A few other members of the team were waiting for Davo in C3. Among them was Slovenian climber and photographer Urban Golob. Urban shot some amazing images of the lower half of the descent, which he is now sharing with ExWebs readers. Check them out, and try to imagine how it feels to cross the Khumbu Icefall with its menacing seracs and crevasses - on skis!
Slovenian skier Davo Karnicar was born October 26, 1962, in Zgornje Jezerko, Slovenia. On October 7, 2000 he became the first person ever to ski non-stop from the summit of Everest. His is the first, and up to now, only complete ski descent from Everests summit to BC.
Davo summited at 7:00 am with Franc Oderlap and Sherpas Ang Dorjee and Pasang Tenzing. During the nearly 5 hour descent, he took some short breaks to catch his breath but never took off his skis.
Urban Golob was born in 1970 in Ljubljana, Slovenia. He made his first climbing ascent at the age of 9 when he was already sick with cancer. After spending the next four years in and out of hospitals, he stood on Mont Blanc's summit - he was only 14 at the time. In 1985 he started to climb more seriously and since then he has made around 700 ascents, extreme ski descents and more than 50 first ascents mostly in the Slovenian Alps but also in Austria, Switzerland, Canada and the Himalayas. He currently works as a free lance photographer.

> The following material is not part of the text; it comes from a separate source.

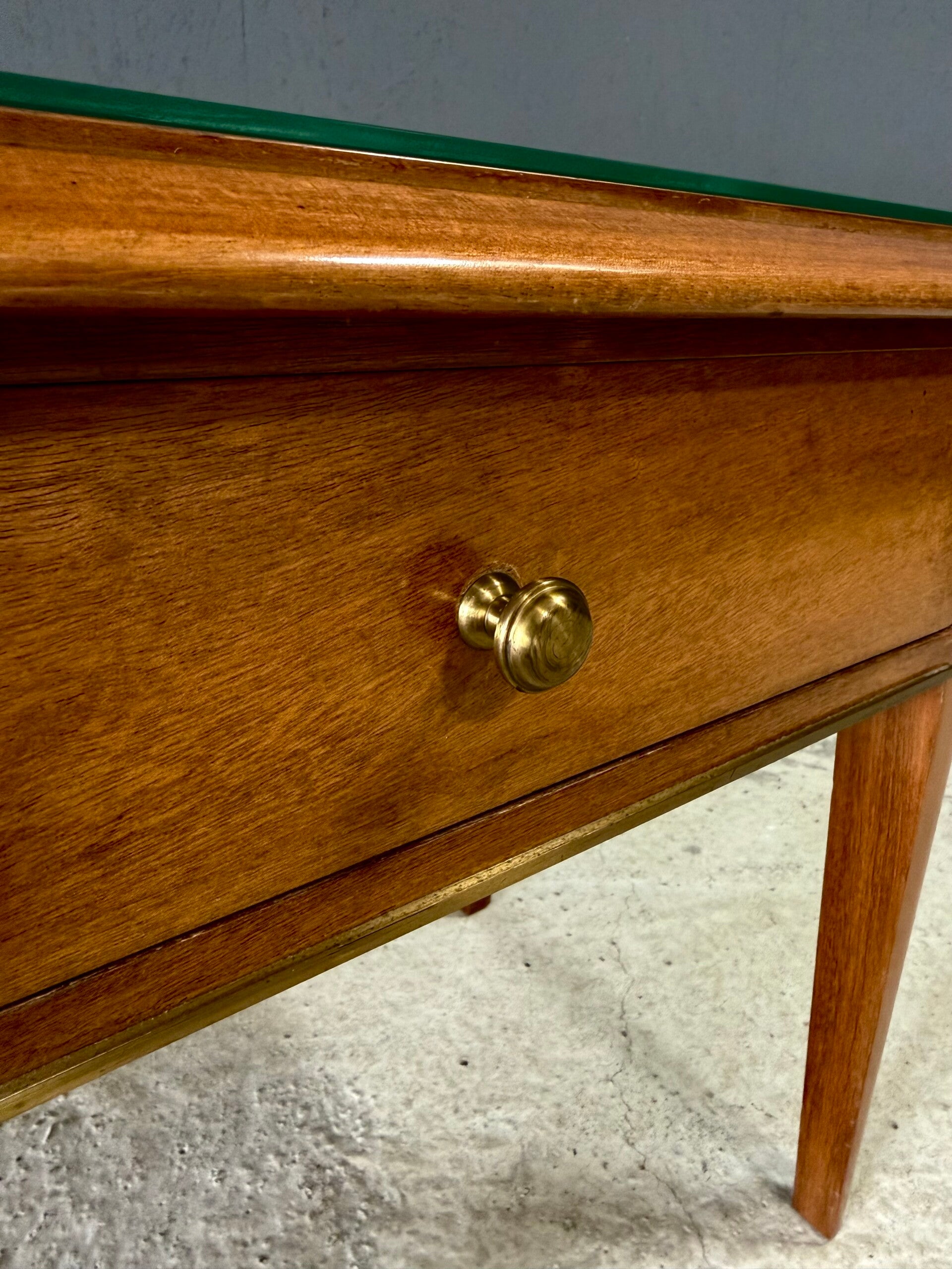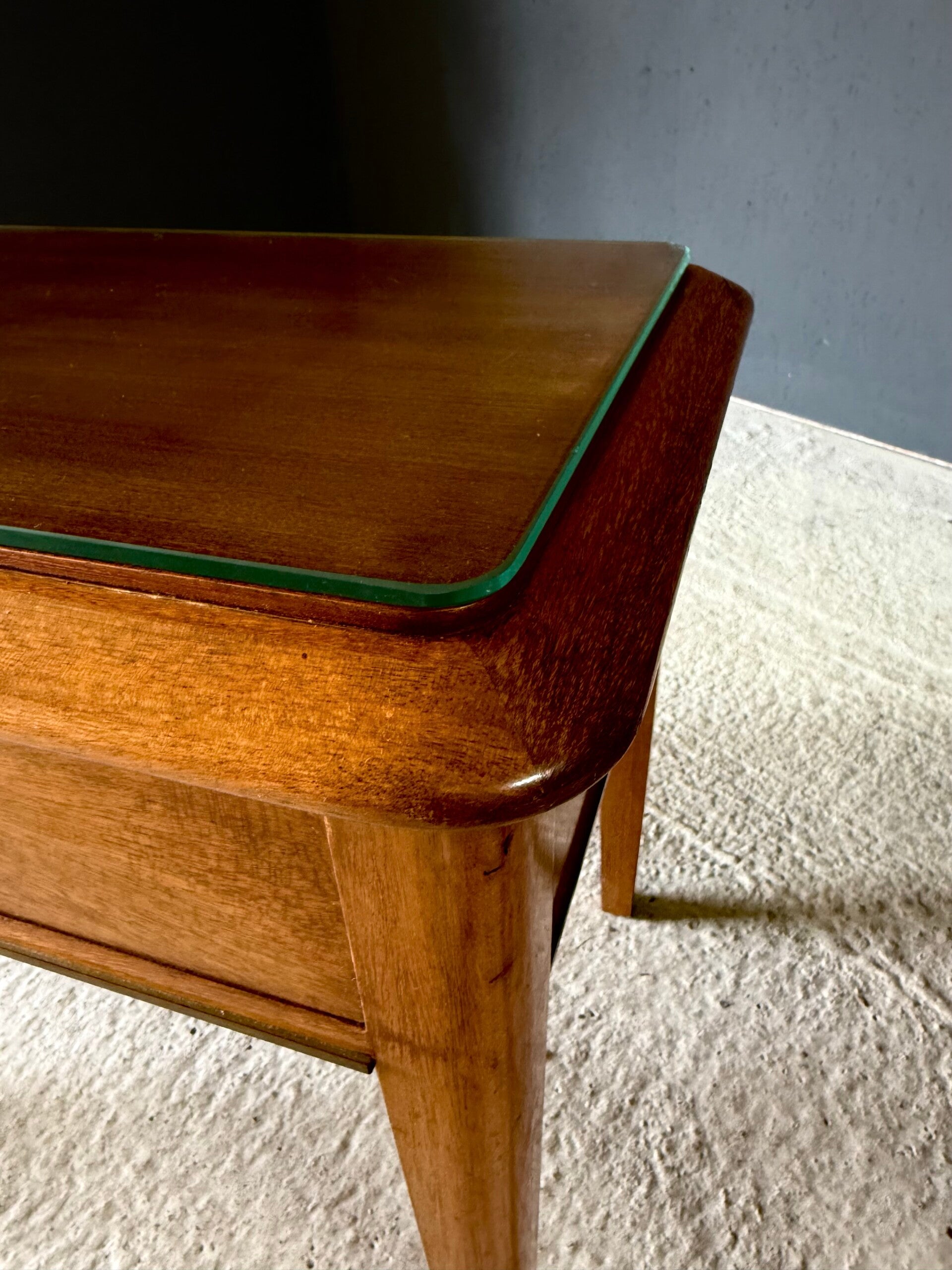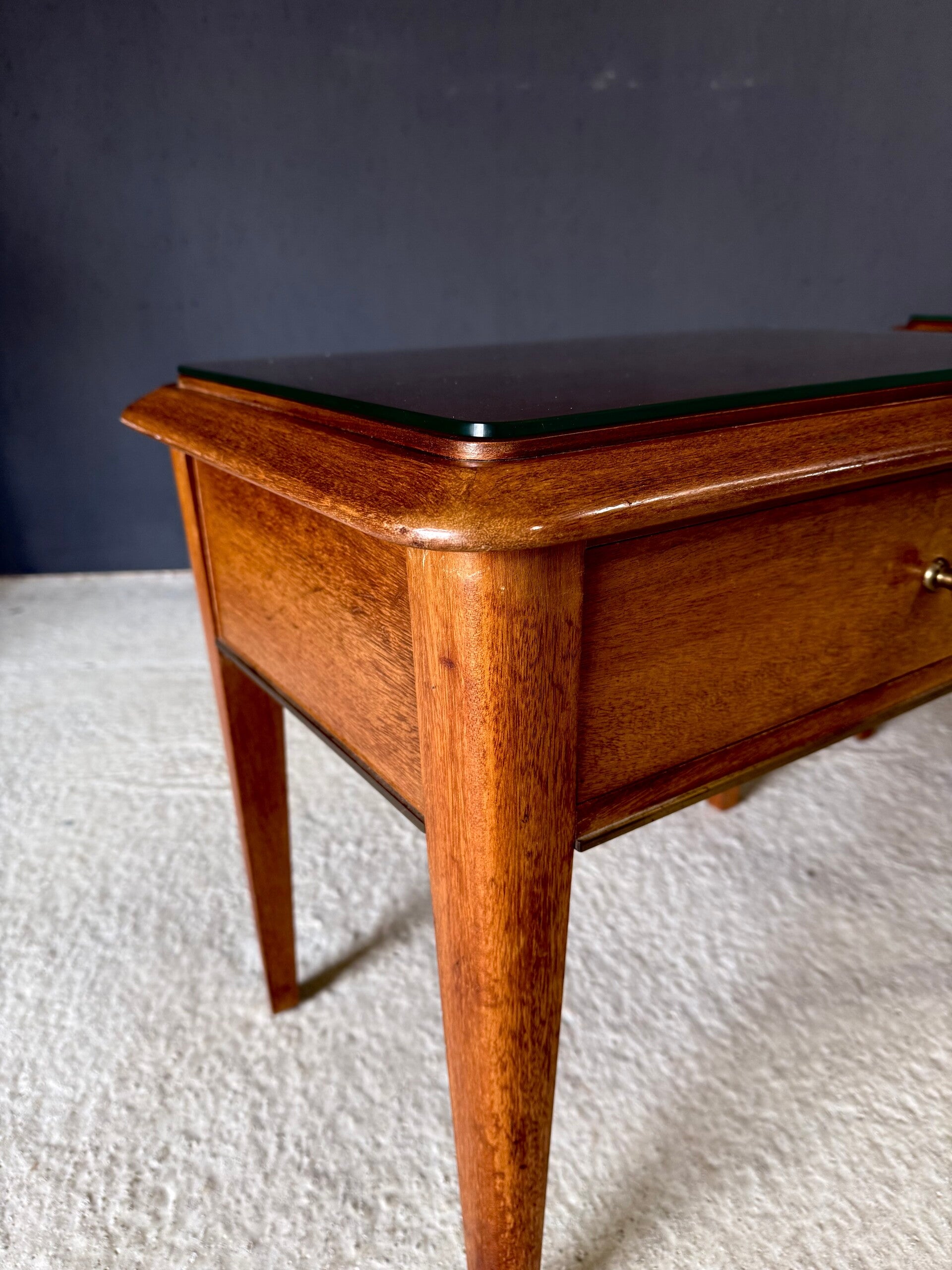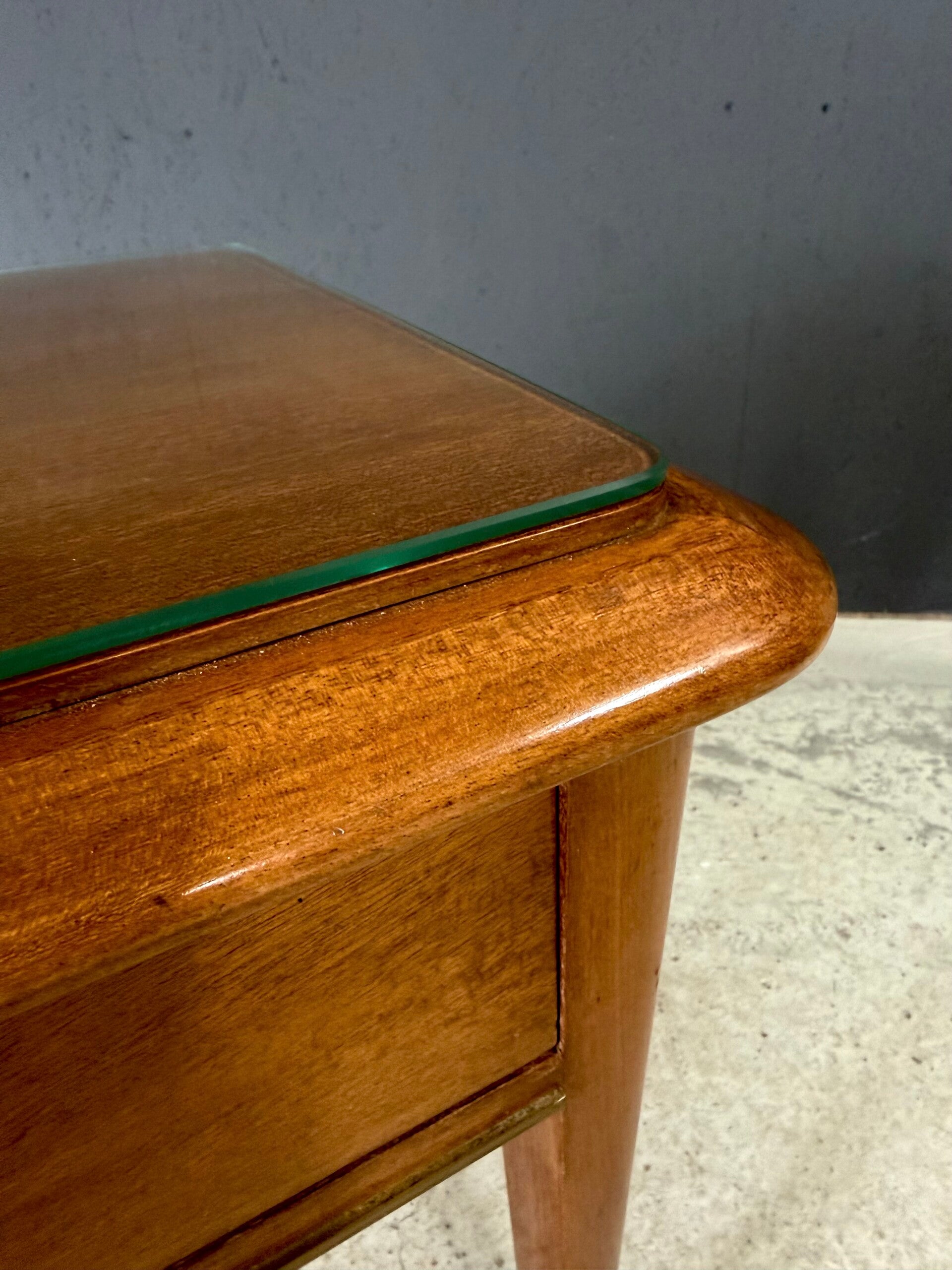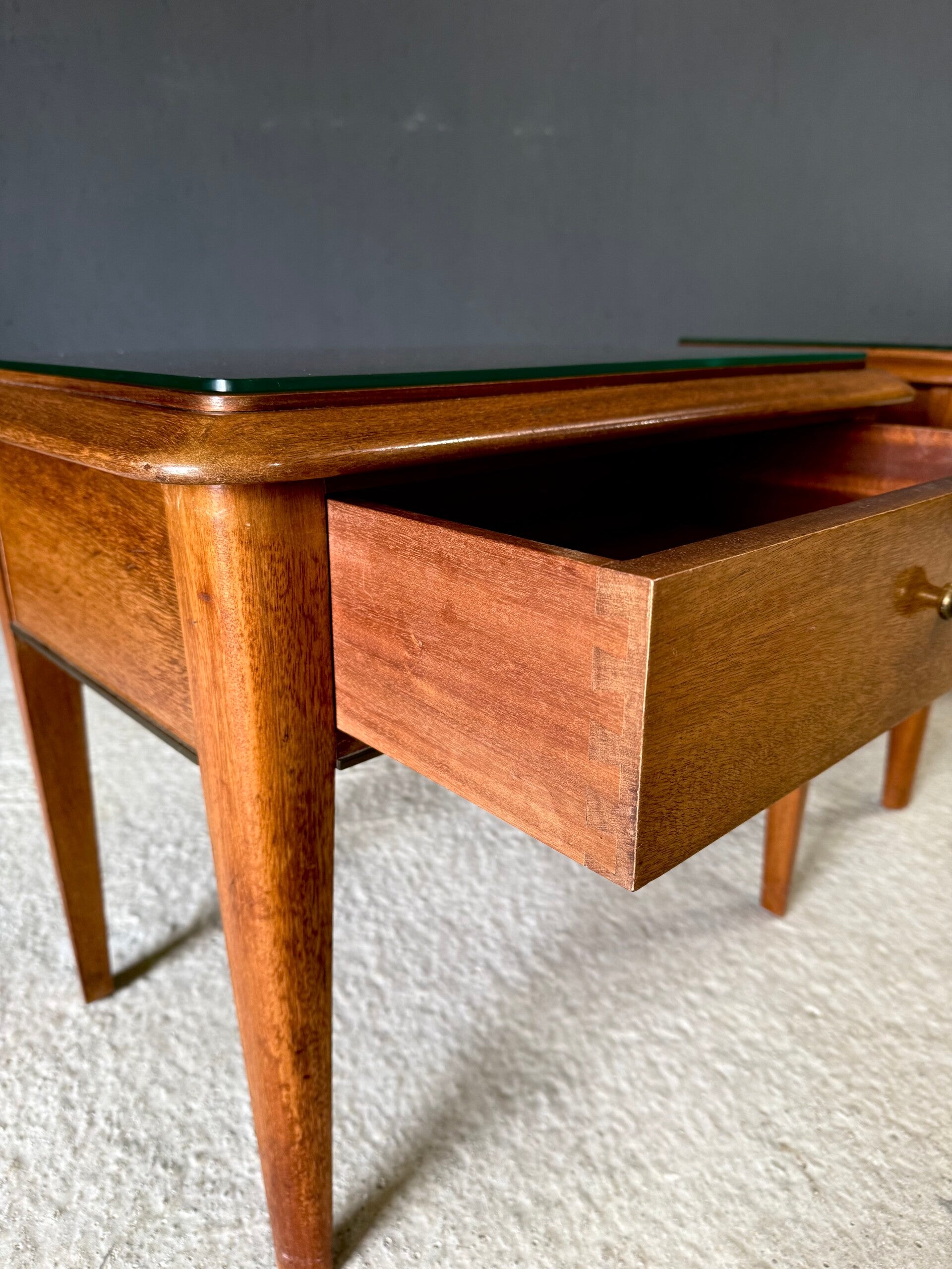 Vintage Midcentury Italian Design Bedside Cabinet set of 2. Made in Italy, 1950's period. Skilfully made and designed set of bedside cabinets in fruit wood with brass trimmings and a loose glass top. These come in good, original condition, with minor signs of wear from their age and use. Each measures 50cm x 63cm x 42cm.

As an alpinist and photographer, Urban was a member of Ski Everest 2000 expedition and his work on the first complete ski from top of Everest by Davo Karnicar was published worldwide.
Swede Tomas Olsson was the 8th casualty on Everest this year. The accident took place on the Norton Couloir, about two hours after the climbers summited the mountain on May 16. In a call from the top, they reported a very hard 14 hour push through a snow storm. "I hope we will be strong enough to ski down the north face," Tomas said.
Tormod told Norwegian TV2Netavisen that Tomas fell when rappelling down a 150 ft rock cliff at around 8500 meters. The snow anchor broke off and Tomas is believed to have been knocked unconscious during the fall, continuing to slide down the wall.
Swedes Olof Sundström and Martin Letzter summited Everest from the North side on May 16, 2006 at 9:30 am Chinese time. Olof became the first man to Telemark off the summit of Everest. "Only a few turns later, skis had to be removed however, as the North Ridge was far to barren to allow skiing at this time - thus we retreated down close to the climbing route, repeating the route Kammerlander had skied in the 90s, skiing snow covered sections and down climbing rock," reported the climbers.
Italian Hans Kammerlander also skied down the north side of Everest after a speed ascent in 1996. However, his was not a complete ascent, and he didn't start skiing from the actual summit, but from 7800m.
Marco Siffredi snowboarded down the Norton Couloir in 2001, after summitting through the normal route with Himex. Only one year later, on September 8, 2002 Marco attempted a snowboard descent of the steep Hornbein Couloir. He arrived at the summit at approximately 2:00 p.m. and waited for about an hour for the clouds to dissipate before starting on his way down. Teammate Olivier Besson watched Siffredi through a telescope at Advanced Base Camp. At about 3:30 p.m., Siffredi slipped from view and was never seen nor heard from again.